Solve a mixed problem in the domain $t > 0, x > 0$ : $u_{t t}-4 u_{x x}=0, u(0, x)=e^x, u_t(0, x)=1, u(t, 0)=0$
Applying d'Alembert's method, the general solution to this diffetential equation it the following
$$ u(x,t)= f_1(x-at) +f_2(x+at). $$ where $$ f_1(x)= \dfrac{e^x}{2} -\frac{1}{4}\int_{0}^{x} 1 \,ds, $$ $$ f_2(x)= \dfrac{e^x}{2} +\frac{1}{4}\int_{0}^{x} 1 \,ds. $$
Because of the boundry condition $u(t, 0)=0$ the solution must be found (!) in the the form of
$$\Phi(x)=\left\{\begin{array}{ll}\varphi(x), & x>0, \\ -\varphi(-x), & x<0,\end{array} \quad \Psi(x)= \begin{cases}\psi(x), & x>0 \\ -\psi(-x), & x<0\end{cases}\right.$$
Introducing the new expressions for our initial conditions $$ u(0, x)=e^x=\varphi(x)\ \text{and} \ u_t(0, x)=1=\psi(x)$$
I suppoused that the following sytem is the an extension of the initial conditions on the whole plane (!!)

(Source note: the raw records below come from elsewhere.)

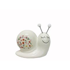 Deko Schnecke aus Keramik weiss mit Blumenmuster
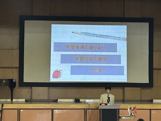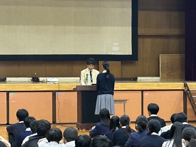 11月10日(月)に(11月の)全校朝礼が行われました。朝礼では、学校長が定期考査に向けた心構えや取り組み方法などに焦点を当てた講話をしました。また、その後部活動や国語科(読書間感想文・弁論発表大会)の表彰を行われました。
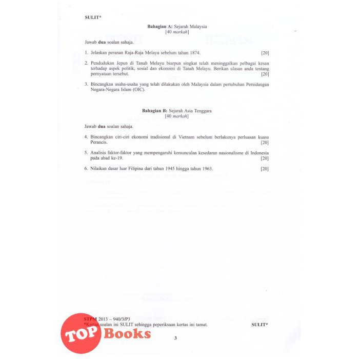 Topbooks Sasbadi Kertas Soalan Peperiksaan Tahun Tahun Lepas Stpm Sejarah Semester 3 2013 2018 Shopee Malaysia
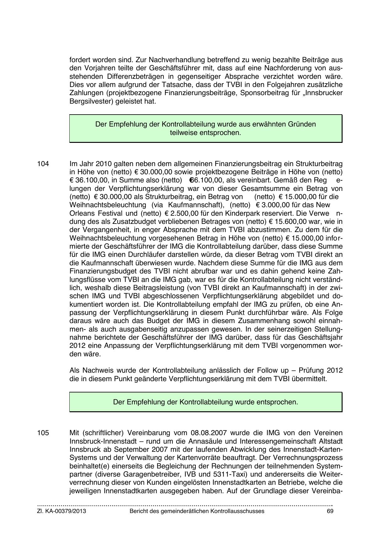 Finanzierungsbudget des TVBI nicht abrufbar war und es dahin gehend keine Zahlungsflüsse vom TVBI an die IMG gab, war es für die Kontrollabteilung nicht verständlich, weshalb diese Beitragsleistung (von TVBI direkt an Kaufmannschaft) in der zwischen IMG und TVBI abgeschlossenen Verpflichtungserklärung abgebildet und dokumentiert worden ist. Die Kontrollabteilung empfahl der IMG zu prüfen, ob eine Anpassung der Verpflichtungserklärung in diesem Punkt durchführbar wäre. Als Folge
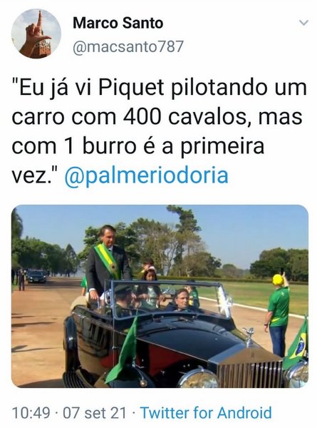 Marco Santo, no twitter: “Eu já vi Piquet pilotando um carro de 400 cavalos, mas com 1 burro é a primeira vez”
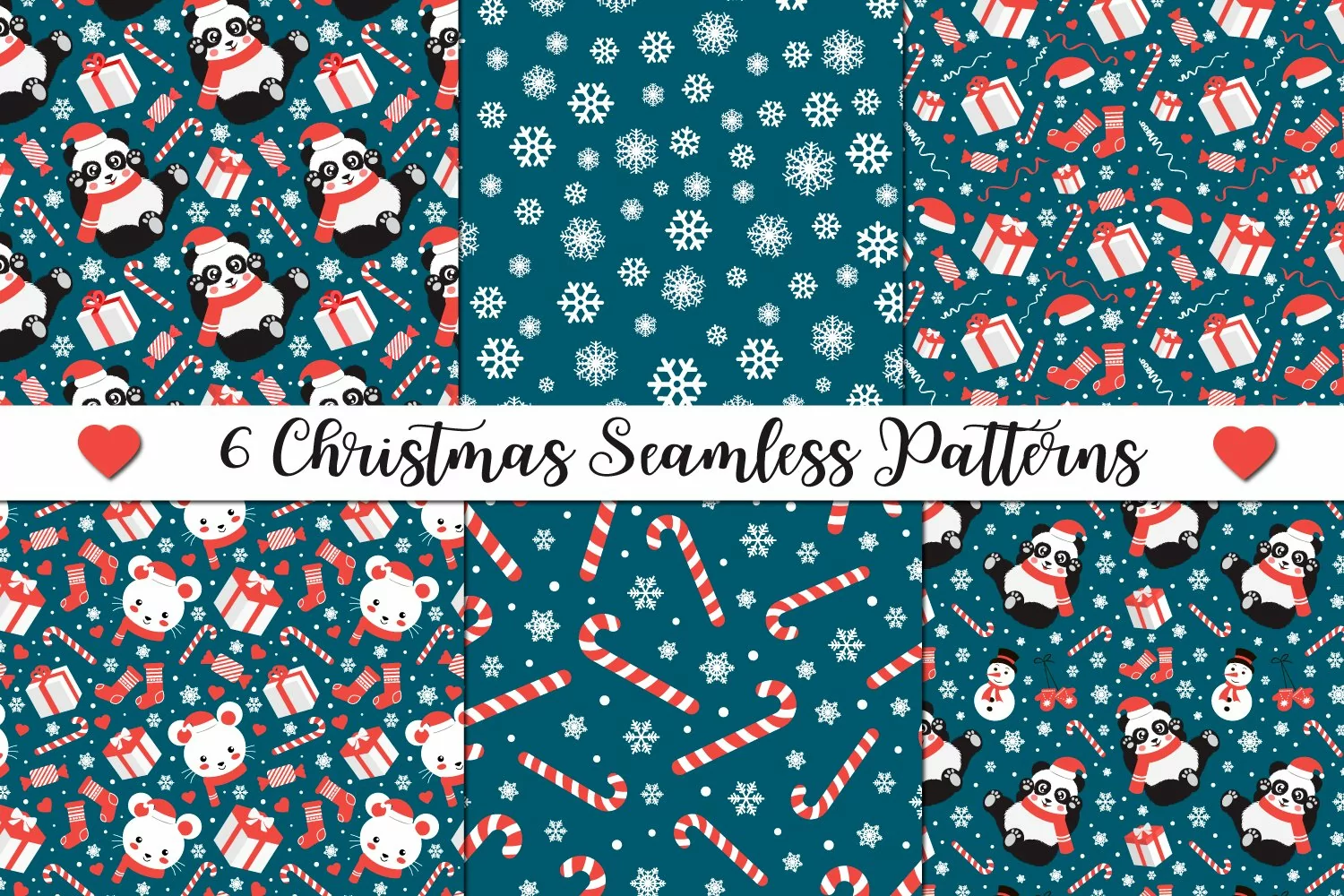 Cute christmas seamless patterns set example image 1
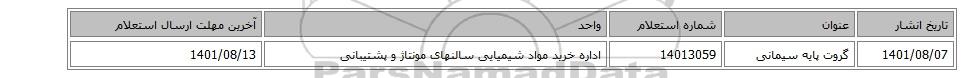 | 1401/08/07 | گروت پایه سیمانی | 14013059 | اداره خرید مواد شیمیایی سالنهای مونتاژ و پشتیبانی | 1401/08/13 |
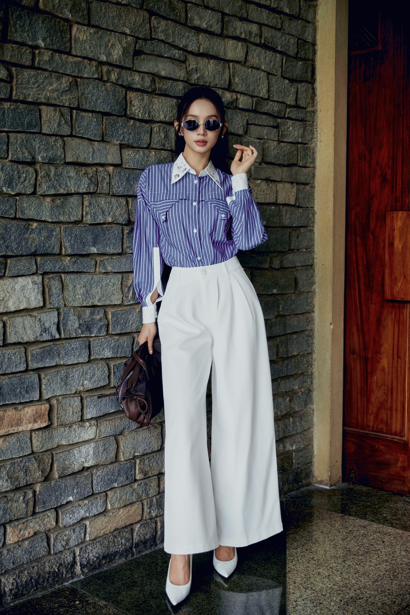 Nàng có thể chọn bản phối quần âu trắng kết hợp áo kẻ sọc cách điệu để diện đi làm, đi học, tham dự các buổi hội họp, sự kiện... ẢNH: SOMEHOW
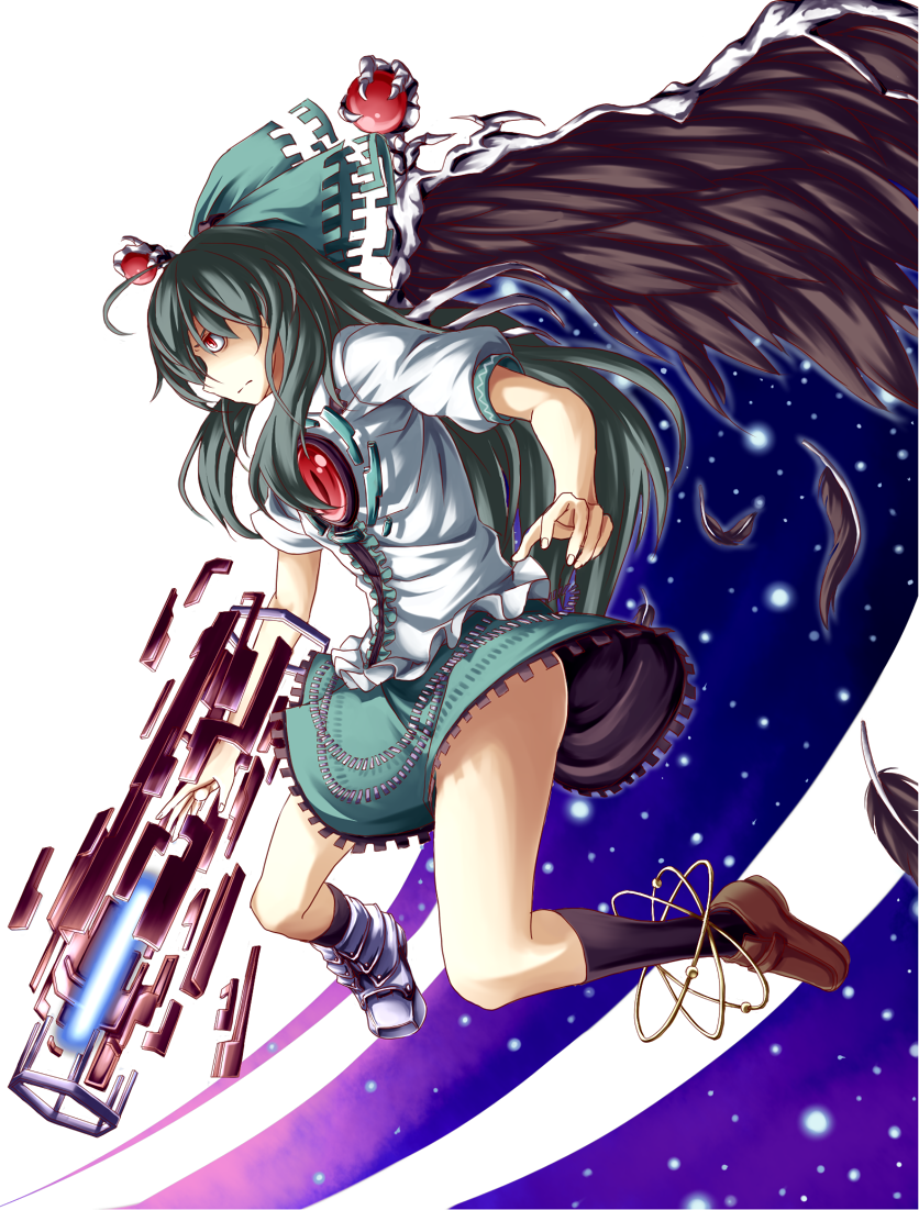 1girlalternate weaponarm cannonasymmetrical footweardigital dissolvefeathersfemale focusgreen hairlong hairmismatched footwearred eyesskirtsockssoloweaponwings
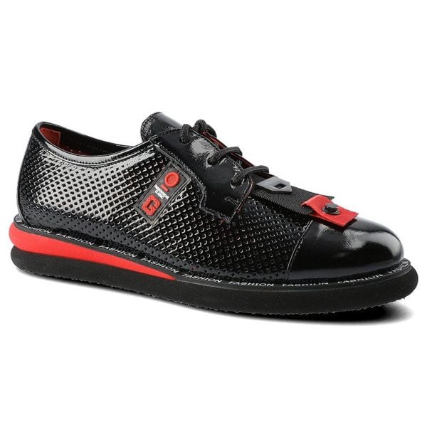 Półbuty damskie Lanqier, wykonane z materiału o gładkiej powierzchni z perforacjami z klasycznym sznurowaniem gumowym noskiem, czarne, 46C2340
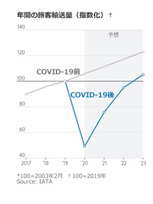 Wall Street Journal例えば、航空業界では、コロナ前の輸送量に戻るまで、約2年の年月が必要になりそうです。
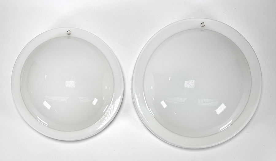 Twee plafondlampen van de Duitse fabrikant Peill & Putzler, daterend uit de jaren 1970. De set bestaat uit een groter en een kleiner model, beide uitgevoerd in mondgeblazen opaalglas. De lampen hebben een koepelvorm en zijn voorzien van het originele fabrieksmerk op het glas. De armaturen zijn van wit gelakt metaal.
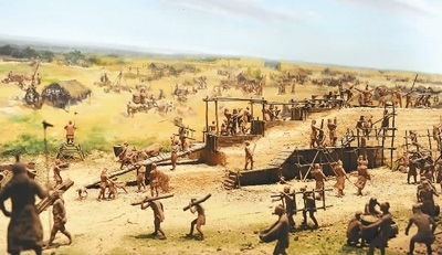 展廳里呈現(xiàn)的商代筑城場(chǎng)景。 鄭州商都遺址博物院供圖
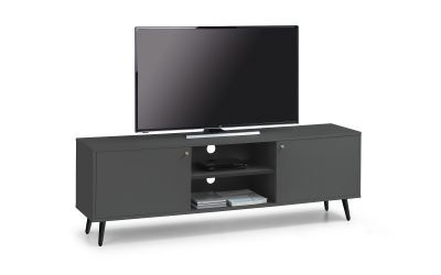 A subtle, yet striking linear pattern creates the eye-catching slickness of the Moritz TV Cabinet. Featuring two shelves with two holes for cables to sit neatly through the back of the cabinet, and two grey cupboard doors, with simplistic, yet stunning gold handles. The Moritz TV Cabinet is available in white or grey, offering great functionality that looks good with any modern décor.
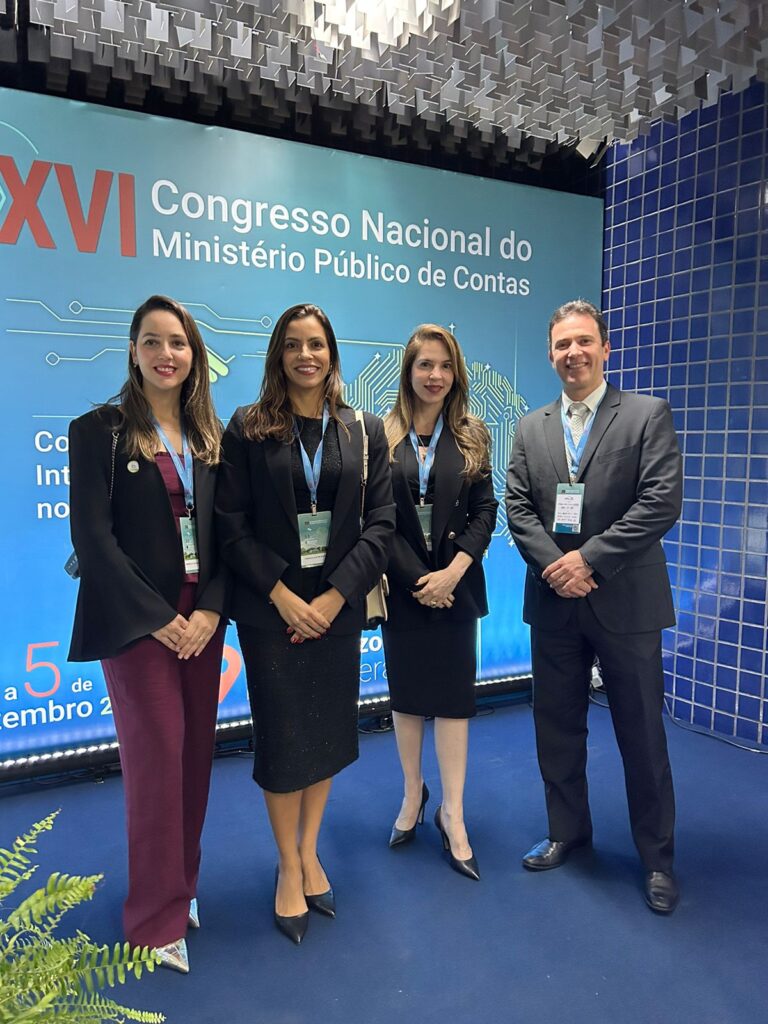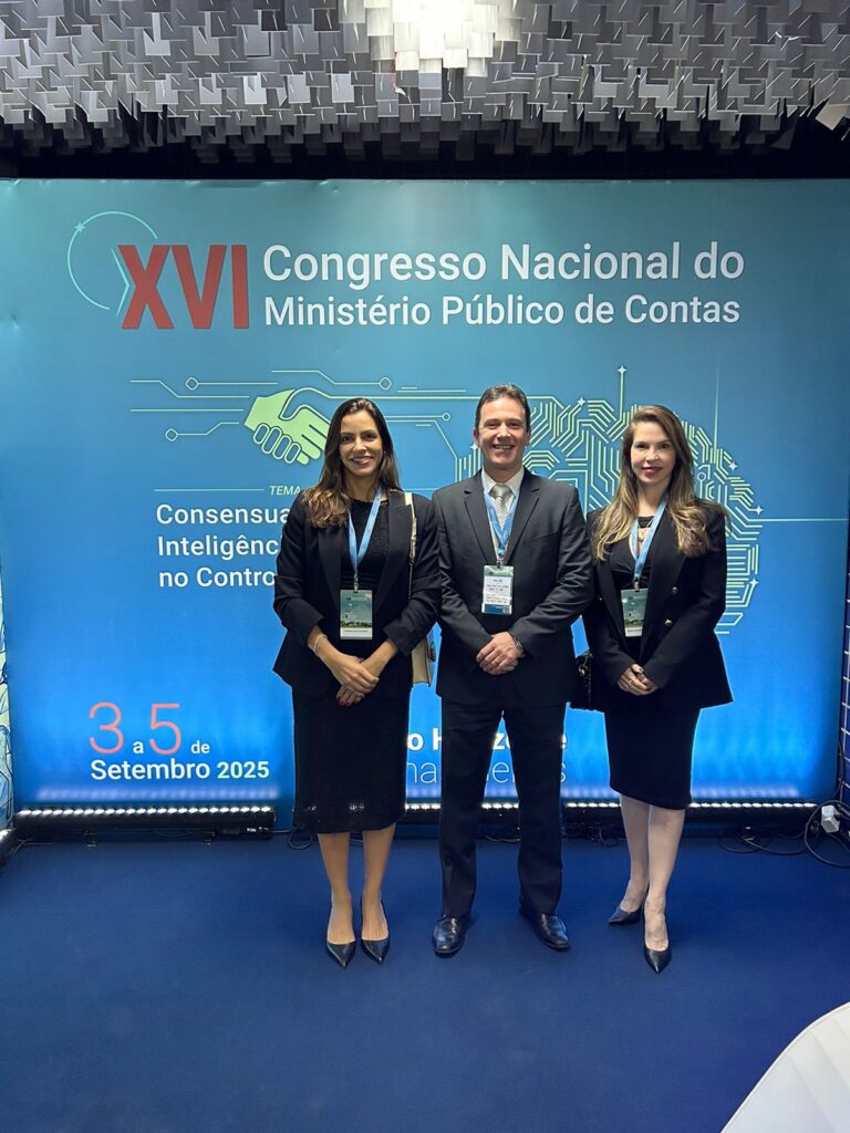 Os membros do MPC Camila Luz, Erika Almeida, Maurício Caleffi, Danilo Andrade, e a assessora Marcella Teixeira, participaram da cerimônia de abertura do XVI Congresso Nacional do Ministério Público de Contas, em Minas Gerais. O evento, que tem como tema central “Consensualismo e Inteligência Artificial no Controle Externo”, celebra os 40 anos da Associação Nacional do Ministério Público de Contas (Ampcon).
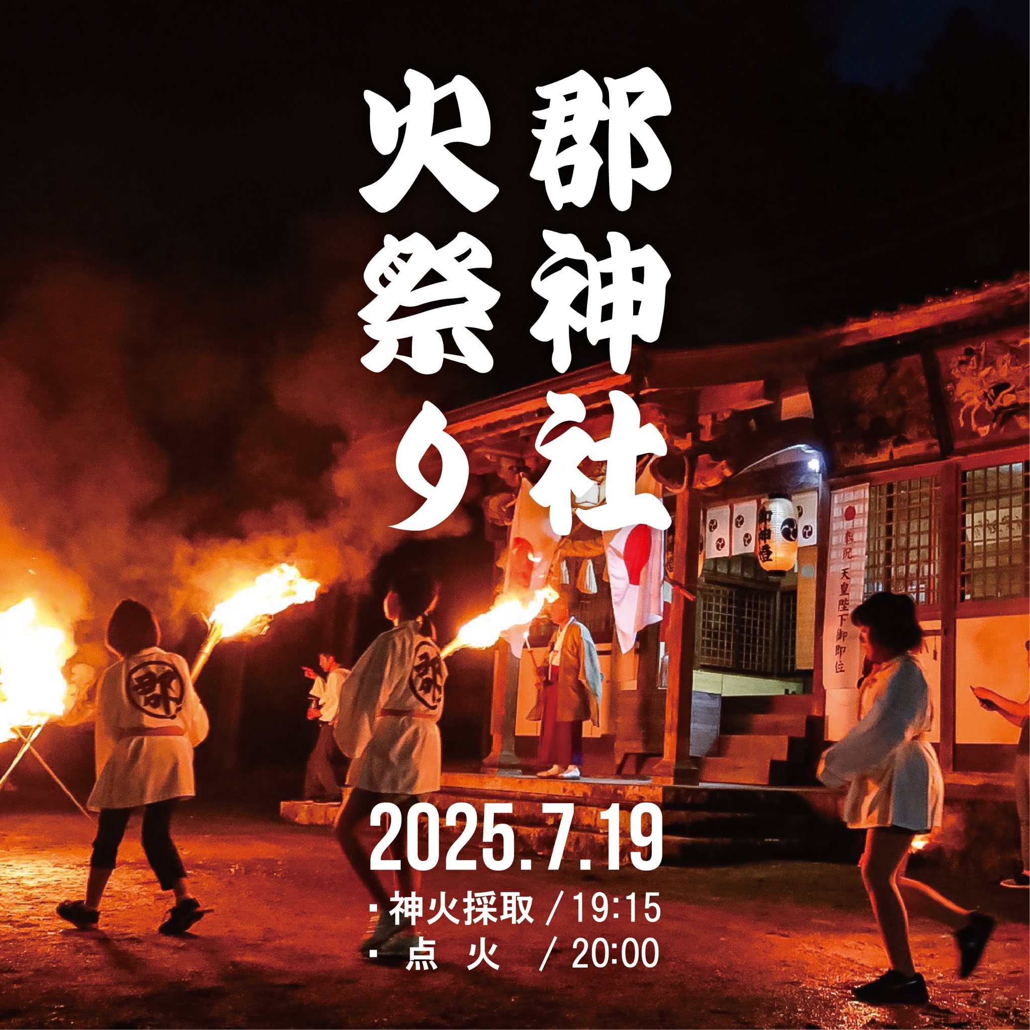 【日程】7月19日(土)【時間】・19:15 - 神火採取・20:00 - 点火【会場】郡神社(真庭...
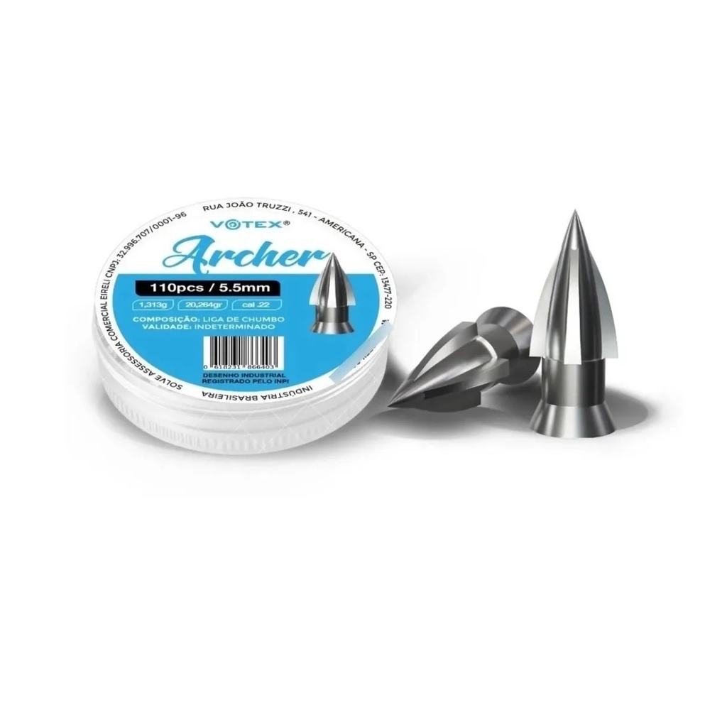 Chumbinho de Alta Precisão Archer 5.5mm - Votex / 110 unidades
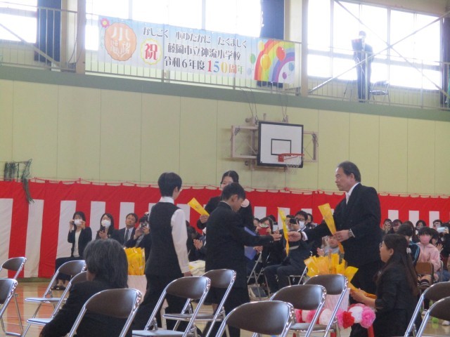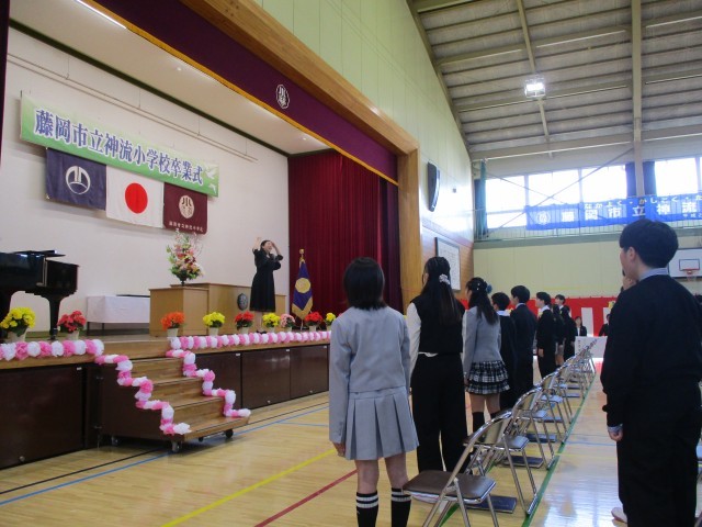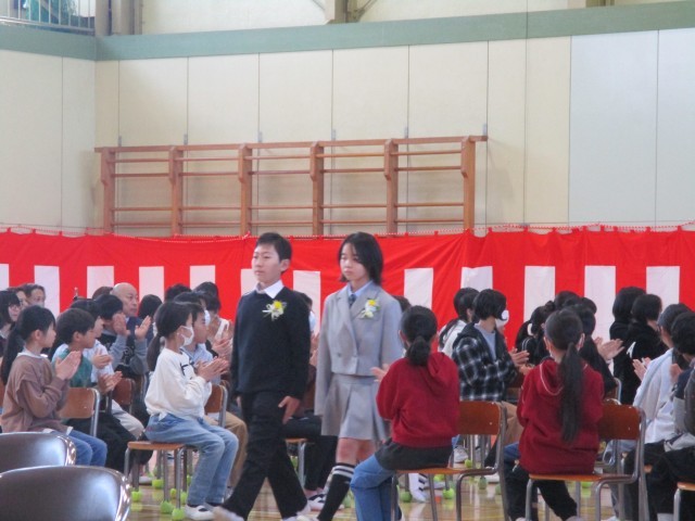 多くのご来賓と保護者の方々、さらに、今年はコロナコ禍以来初となる在校生代表5年生児童に見守られる中、入場から、終盤、卒業生合唱・式歌・退場まで感動とともに、卒業式は終了しました。
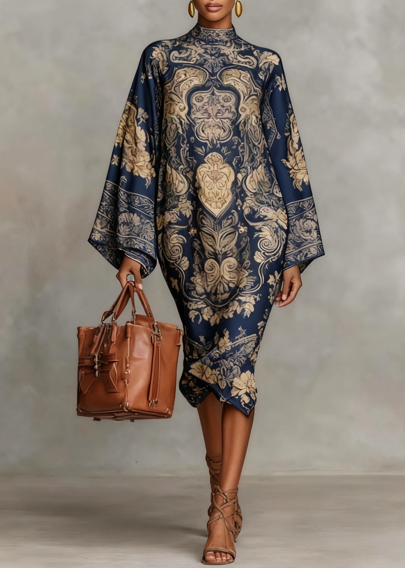 Loose Blue Stand Collar Print Silk Long Dresses Spring
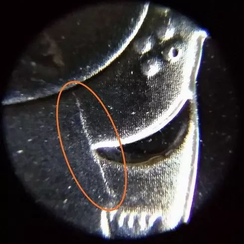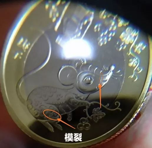 其实,在鼠年纪念币发行的时候,也出现过一枚“模裂币”,在老鼠的嘴边、大腿RMB暗记处,都有“模裂”。当时还以30元/枚的价格成交了。

$$\Phi(x)=\left\{\begin{array}{ll} e^{x}, & x>0, \\ -e^{-x}, & x<0,\end{array} \quad \Psi(x)= \begin{cases}1, & x>0 \\ -1 & x<0\end{cases}\right.$$
Questions
(!) Why do we search the function on the whole plane if we are only interested by the conditions of the problem in $x>0, \ t>0$.
(!!) Can we say that this is the solution to Cauchy problem? $\left\{\begin{array}{l}u_{t t}=4^2 u_{x x}, t>0, x \in \mathbb{R} \\ \left.u\right|_{t=0}=\Phi(x),\left.u_t\right|_{t=0}=\Psi(x), x \in \mathbb{R}\end{array}\right.$